- **DIRECTIONS FOR THIS TASK**: Starting at the first line of the material below, retype each line exactly until you reach the line with "Android應(yīng)", which is also included; pictures stay out.

Top of COLLECTED DATA

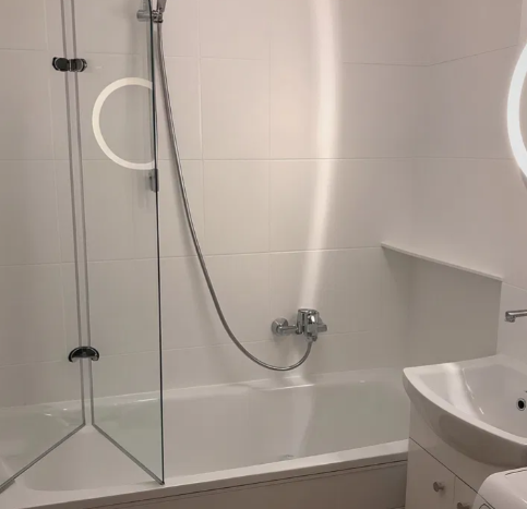 Bathroom with a bathtub,Toilet,Hall with a large built-in wardrobe.
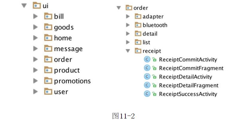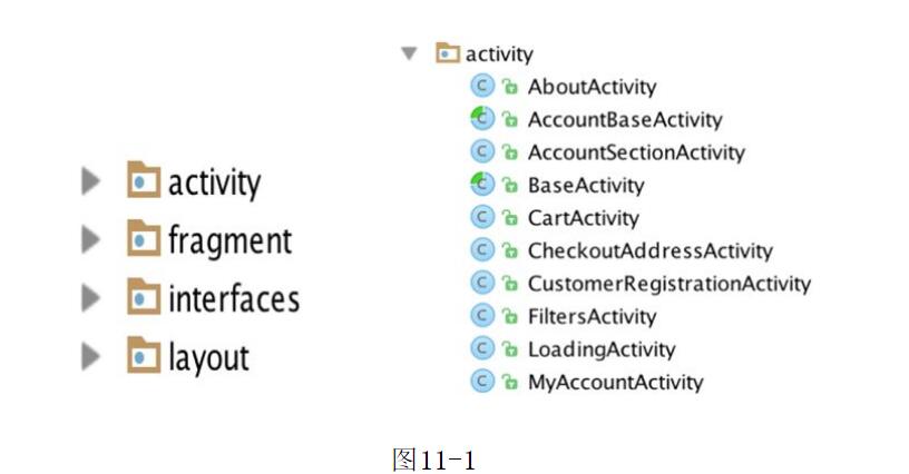 Android應(yīng)用的View層包括Activity和Fragment等UI相關(guān)的類和接口。分為兩大功能模塊:接口模塊和功能模塊。此功能模塊的代碼文件有以下兩種管理方式。按類型分類,如圖11-1所示。
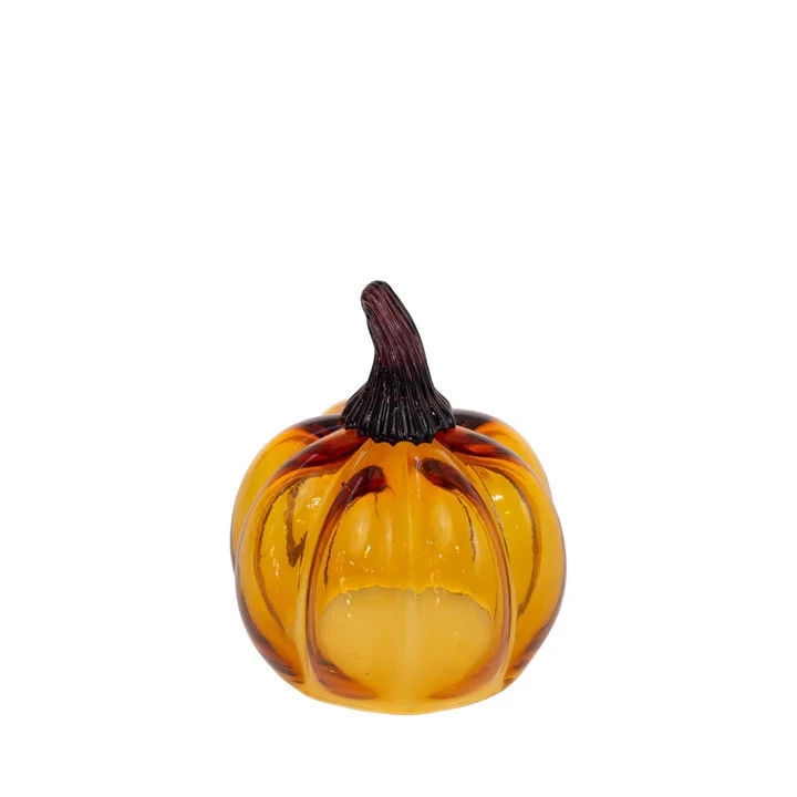 This small 5-inch amber glass pumpkin figurine by Boston International is a traditional style decoration perfect for all occasions. Made of shiny glass, it features a free-standing design and is easy to clean with a damp cloth. The pumpkin theme adds a festive touch to any room, making it a charming addition to your home decor. Made in China, this figurine is a unique and elegant piece that is sure to enhance the ambiance of your space.
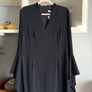 Halston Flounce Sleeve Crepe Gown Dress Maxi Navy Blue Size 14 Retail $425

Bottom of COLLECTED DATA

- **OUTPUT OF THE TASK**:
 Bathroom with a bathtub,Toilet,Hall with a large built-in wardrobe.
 Android應(yīng)用的View層包括Activity和Fragment等UI相關(guān)的類和接口。分為兩大功能模塊:接口模塊和功能模塊。此功能模塊的代碼文件有以下兩種管理方式。按類型分類,如圖11-1所示。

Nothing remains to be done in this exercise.